** Opening Supplied records block **
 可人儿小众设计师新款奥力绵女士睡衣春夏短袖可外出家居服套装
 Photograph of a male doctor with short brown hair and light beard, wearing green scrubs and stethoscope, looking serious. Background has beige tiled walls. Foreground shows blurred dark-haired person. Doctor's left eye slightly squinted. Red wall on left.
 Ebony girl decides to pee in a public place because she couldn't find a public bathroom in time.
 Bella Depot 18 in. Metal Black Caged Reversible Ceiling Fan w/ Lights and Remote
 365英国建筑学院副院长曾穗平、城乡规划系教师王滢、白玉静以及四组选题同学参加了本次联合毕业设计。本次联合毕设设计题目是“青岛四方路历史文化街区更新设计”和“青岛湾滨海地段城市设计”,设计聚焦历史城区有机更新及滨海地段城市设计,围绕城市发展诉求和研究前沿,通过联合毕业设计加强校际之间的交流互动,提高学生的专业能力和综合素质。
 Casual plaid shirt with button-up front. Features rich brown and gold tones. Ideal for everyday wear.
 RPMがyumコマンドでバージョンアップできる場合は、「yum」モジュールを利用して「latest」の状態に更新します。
** Closing Supplied records block **
** Opening Supplied records block **
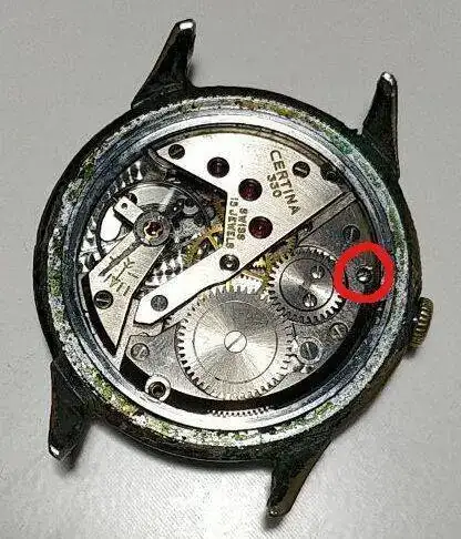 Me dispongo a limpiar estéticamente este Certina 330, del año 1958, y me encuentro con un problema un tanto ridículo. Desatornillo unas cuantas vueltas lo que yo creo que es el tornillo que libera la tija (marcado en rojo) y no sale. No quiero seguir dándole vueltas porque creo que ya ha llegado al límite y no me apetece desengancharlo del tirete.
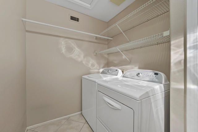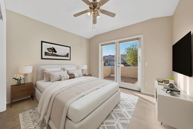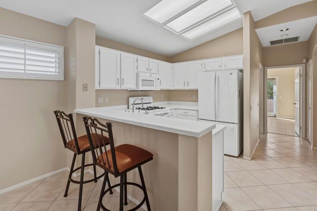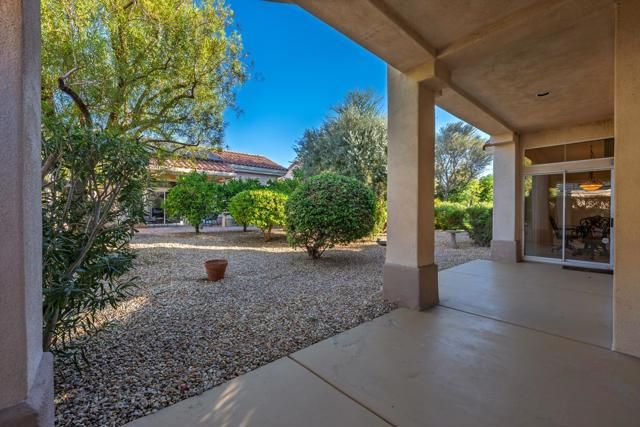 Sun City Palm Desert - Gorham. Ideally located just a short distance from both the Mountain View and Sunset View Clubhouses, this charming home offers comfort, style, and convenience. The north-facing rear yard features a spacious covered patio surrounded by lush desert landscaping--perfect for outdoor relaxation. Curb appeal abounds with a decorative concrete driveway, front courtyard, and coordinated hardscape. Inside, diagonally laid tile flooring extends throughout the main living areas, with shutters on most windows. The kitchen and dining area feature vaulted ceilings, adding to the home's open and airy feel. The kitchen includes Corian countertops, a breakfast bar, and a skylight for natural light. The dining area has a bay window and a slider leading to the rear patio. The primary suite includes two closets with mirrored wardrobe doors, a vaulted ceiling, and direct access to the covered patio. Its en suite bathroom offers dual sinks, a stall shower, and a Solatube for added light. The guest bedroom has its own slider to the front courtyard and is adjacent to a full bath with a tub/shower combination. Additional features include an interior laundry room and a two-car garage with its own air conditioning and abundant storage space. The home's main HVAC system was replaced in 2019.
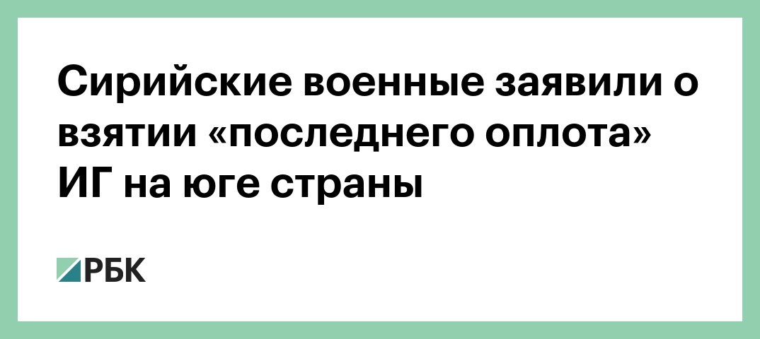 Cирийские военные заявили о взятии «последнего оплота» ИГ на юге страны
** Closing Supplied records block **
** Opening Supplied records block **
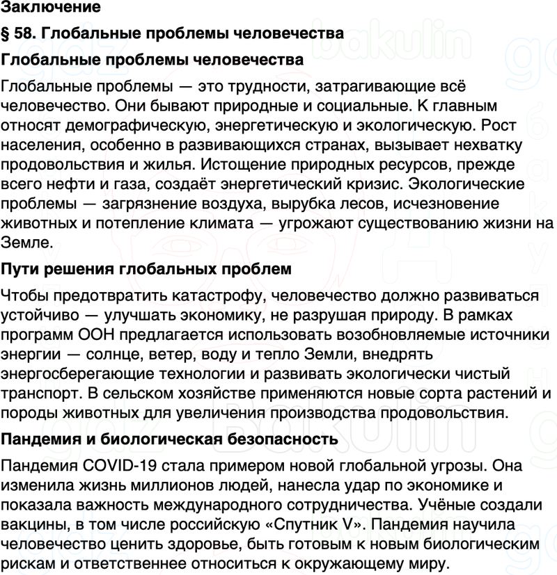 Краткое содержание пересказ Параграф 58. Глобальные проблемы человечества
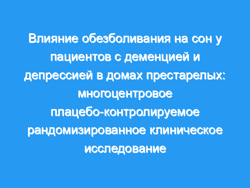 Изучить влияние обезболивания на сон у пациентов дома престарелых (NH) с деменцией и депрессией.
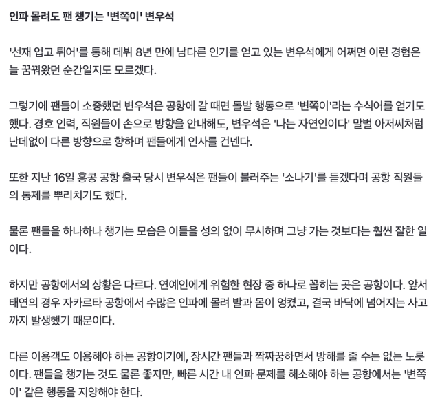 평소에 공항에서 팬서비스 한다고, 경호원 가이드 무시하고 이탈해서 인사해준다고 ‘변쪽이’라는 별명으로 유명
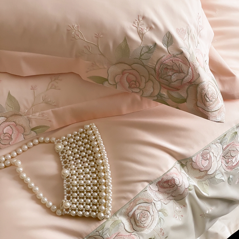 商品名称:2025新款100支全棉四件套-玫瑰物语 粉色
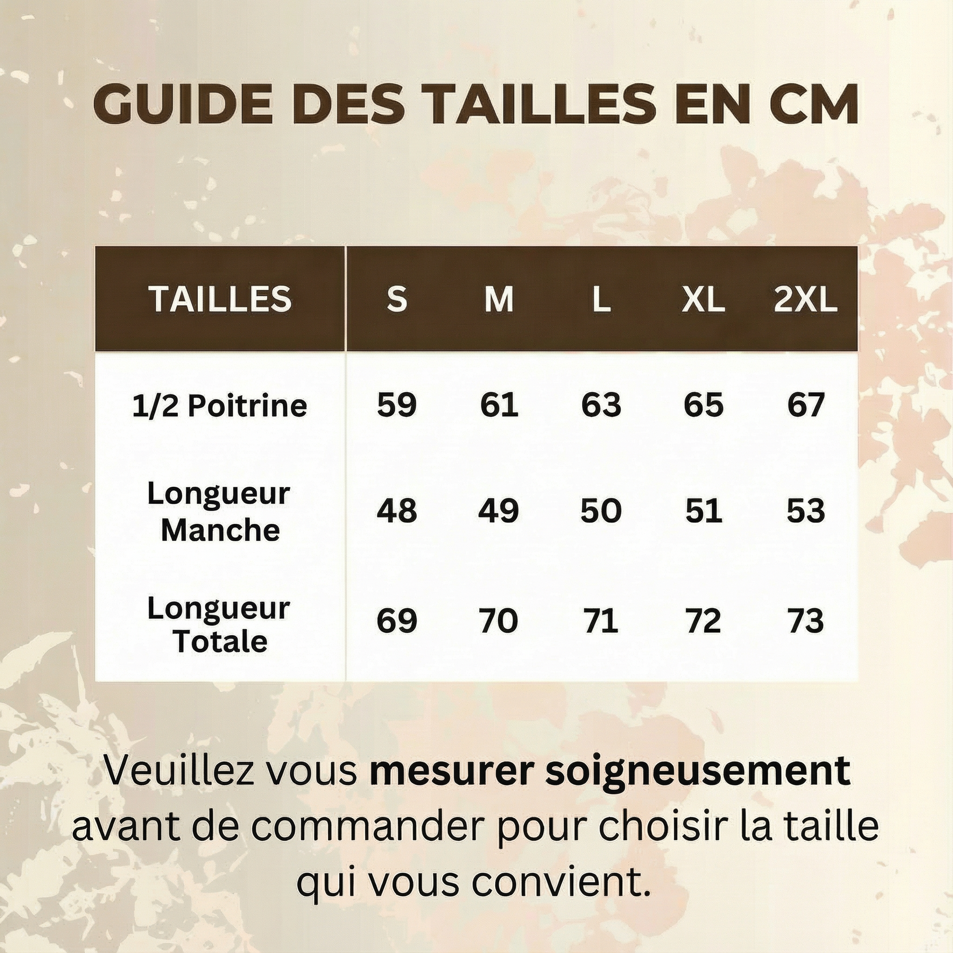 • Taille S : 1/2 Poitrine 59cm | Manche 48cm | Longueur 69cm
** Closing Supplied records block **
▶ _Task objective_:
What you return should be exactly the lines above, starting at the one with "可人儿小众设计师新款奥力绵女士睡衣春夏短袖可外出家居服套装" and ending at the one with "Photograph of a", and nothing else.

▶ _Finished task_:
 可人儿小众设计师新款奥力绵女士睡衣春夏短袖可外出家居服套装
 Photograph of a male doctor with short brown hair and light beard, wearing green scrubs and stethoscope, looking serious. Background has beige tiled walls. Foreground shows blurred dark-haired person. Doctor's left eye slightly squinted. Red wall on left.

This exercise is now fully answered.